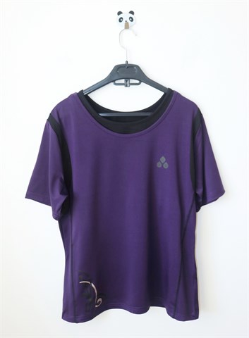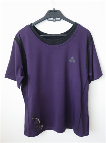 NKD Sports function sportska majica ljubičaste boje sa detaljima u crnoj boji. Unutar majice je ušiven crni topić sa gumom ispod grudi. Rastezljiv materijal.
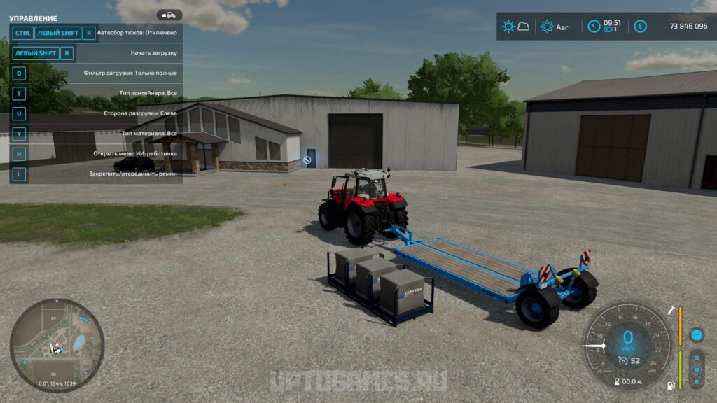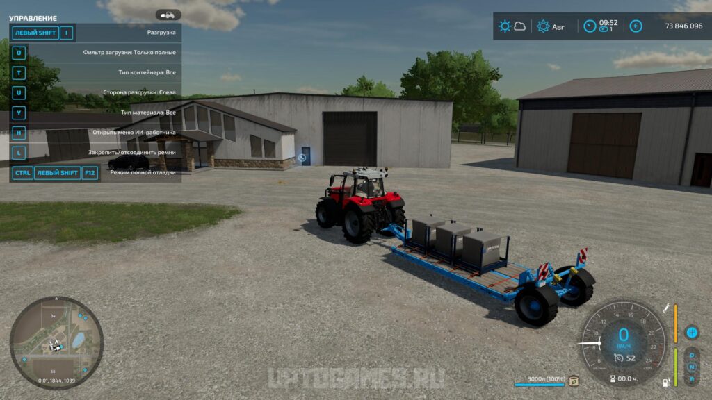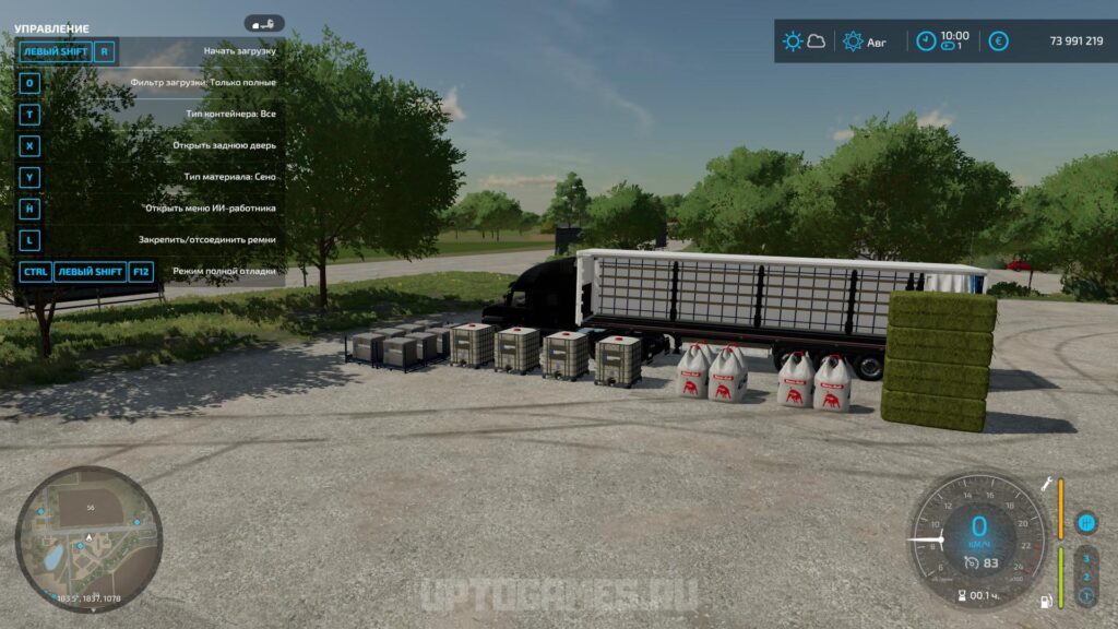 - Если прицеп закрыт — откройте его кнопкой X или Z (зависит от прицепа).
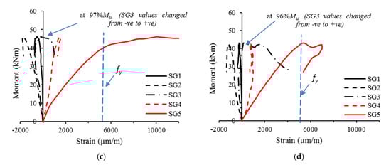 Moment versus strain relationships for specimens. (a) CBPDS-DF0; (b) CBPDS-DS0; (c) CBPDS-DF100; (d) CBPDS-DS100.
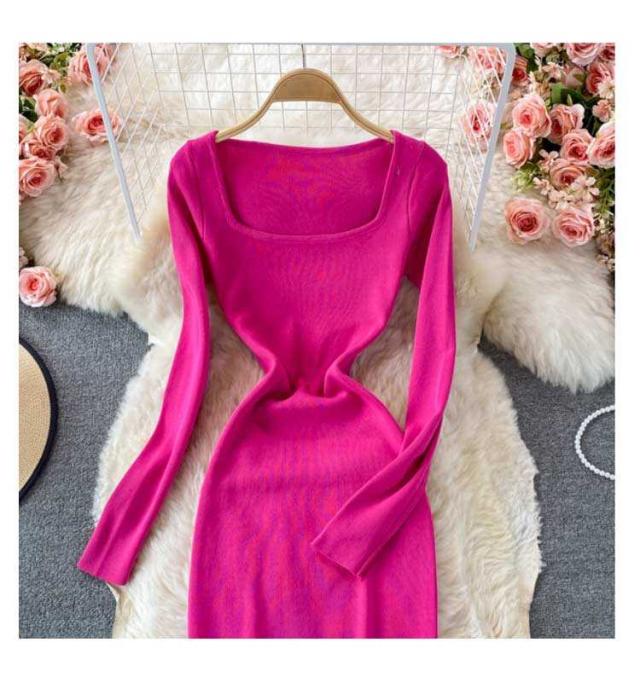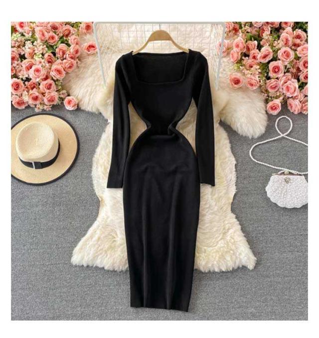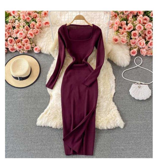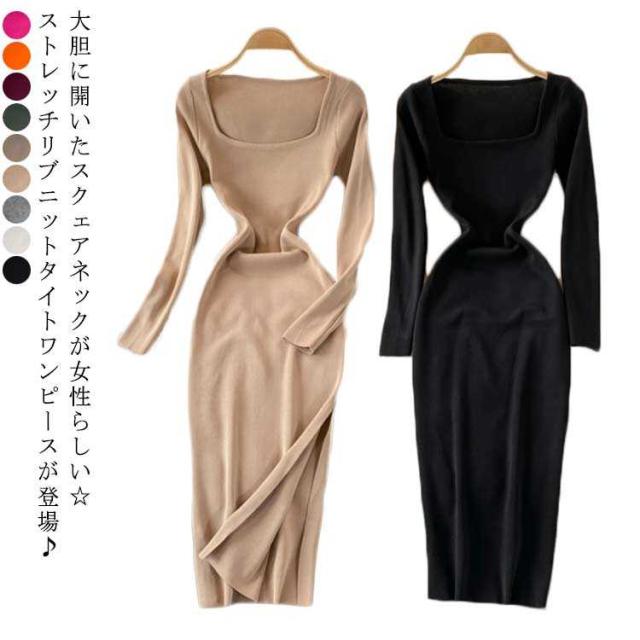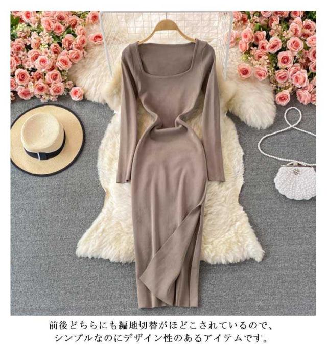 膝丈 ロングニットワンピース タイトワンピース ロングニットワンピース タイトニットワンピース タイトニット 長袖 ニットワンピース スクェアネック タイト スリット ひざたけ 秋冬 春秋 ニット ロング丈
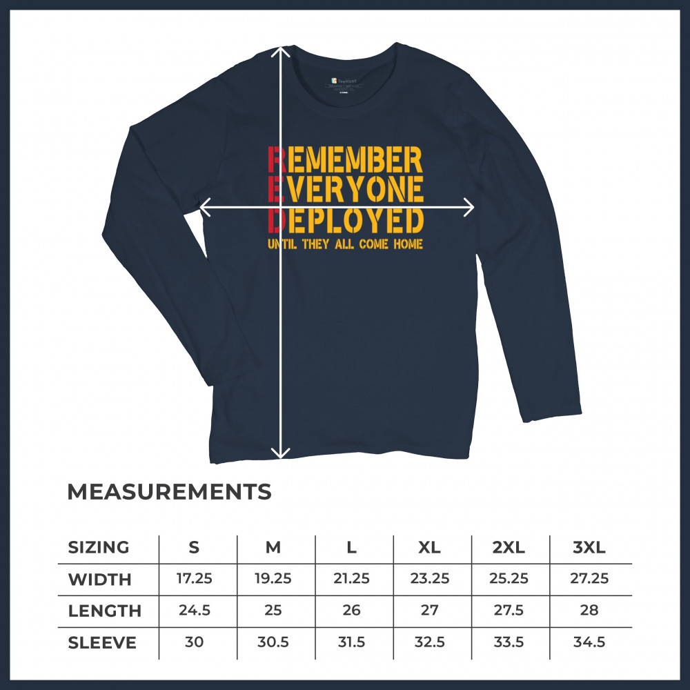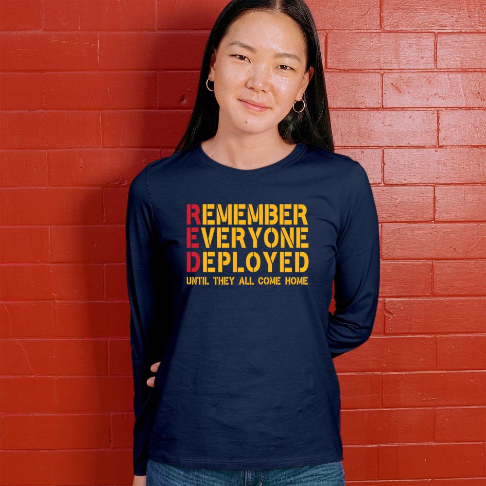 Show your support for our deployed troops with this "Remember Everyone Deployed" shirt. The bold and striking design is perfect for expressing your patriotic pride and honoring those who serve. Made from soft and durable materials, this shirt is ideal for everyday wear or special occasions like Veterans Day, Memorial Day, and the Fourth of July. Whether you're participating in a community event, attending a parade, or just want to show your appreciation, this shirt is a great choice. It also makes a thoughtful gift for anyone who supports our military heroes.
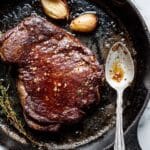 - Flip and baste the steak: Flip the steak to the other side, then add the unsalted butter to the skillet. Grasp the handle using a thick kitchen towel or oven mitt and tilt the pan slightly so the butter pools at the bottom. Add crushed garlic cloves and thyme sprigs to the butter pool. Use a large metal spoon to continuously baste the frothing butter over the steak, garlic, and herbs until the steak is glistening and aromatic, about 30 seconds.
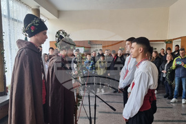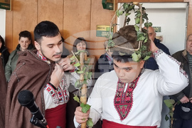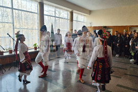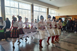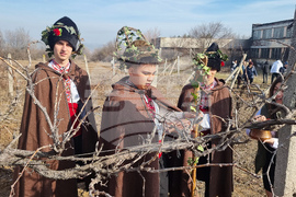 Плевен (14 февруари 2025) В Професионалната гимназия по лозарство и винарство „Александър Стамболийски“ в Плевен бе спазен ритуала по зарязване на лозята на празника Трифон Зарезан. Това извърши по традиция новоизбраният Цар на лозята, който заедно със свитата си заряза лозите в лозовите масиви на училището и отправи своите благословии за плодородна година. На снимката: за празничната атмосфера допринесоха със своите изпълнения танцьорите от фолклорен състав „Луди - Млади“ с художествен ръководител Христина Кънчева.

ASSIGNMENT: Make a verbatim copy of all the entries and strip out the pictures.

ANSWER SPACE:
 NKD Sports function sportska majica ljubičaste boje sa detaljima u crnoj boji. Unutar majice je ušiven crni topić sa gumom ispod grudi. Rastezljiv materijal.
 - Если прицеп закрыт — откройте его кнопкой X или Z (зависит от прицепа).
 Moment versus strain relationships for specimens. (a) CBPDS-DF0; (b) CBPDS-DS0; (c) CBPDS-DF100; (d) CBPDS-DS100.
 膝丈 ロングニットワンピース タイトワンピース ロングニットワンピース タイトニットワンピース タイトニット 長袖 ニットワンピース スクェアネック タイト スリット ひざたけ 秋冬 春秋 ニット ロング丈
 Show your support for our deployed troops with this "Remember Everyone Deployed" shirt. The bold and striking design is perfect for expressing your patriotic pride and honoring those who serve. Made from soft and durable materials, this shirt is ideal for everyday wear or special occasions like Veterans Day, Memorial Day, and the Fourth of July. Whether you're participating in a community event, attending a parade, or just want to show your appreciation, this shirt is a great choice. It also makes a thoughtful gift for anyone who supports our military heroes.
 - Flip and baste the steak: Flip the steak to the other side, then add the unsalted butter to the skillet. Grasp the handle using a thick kitchen towel or oven mitt and tilt the pan slightly so the butter pools at the bottom. Add crushed garlic cloves and thyme sprigs to the butter pool. Use a large metal spoon to continuously baste the frothing butter over the steak, garlic, and herbs until the steak is glistening and aromatic, about 30 seconds.
 Плевен (14 февруари 2025) В Професионалната гимназия по лозарство и винарство „Александър Стамболийски“ в Плевен бе спазен ритуала по зарязване на лозята на празника Трифон Зарезан. Това извърши по традиция новоизбраният Цар на лозята, който заедно със свитата си заряза лозите в лозовите масиви на училището и отправи своите благословии за плодородна година. На снимката: за празничната атмосфера допринесоха със своите изпълнения танцьорите от фолклорен състав „Луди - Млади“ с художествен ръководител Христина Кънчева.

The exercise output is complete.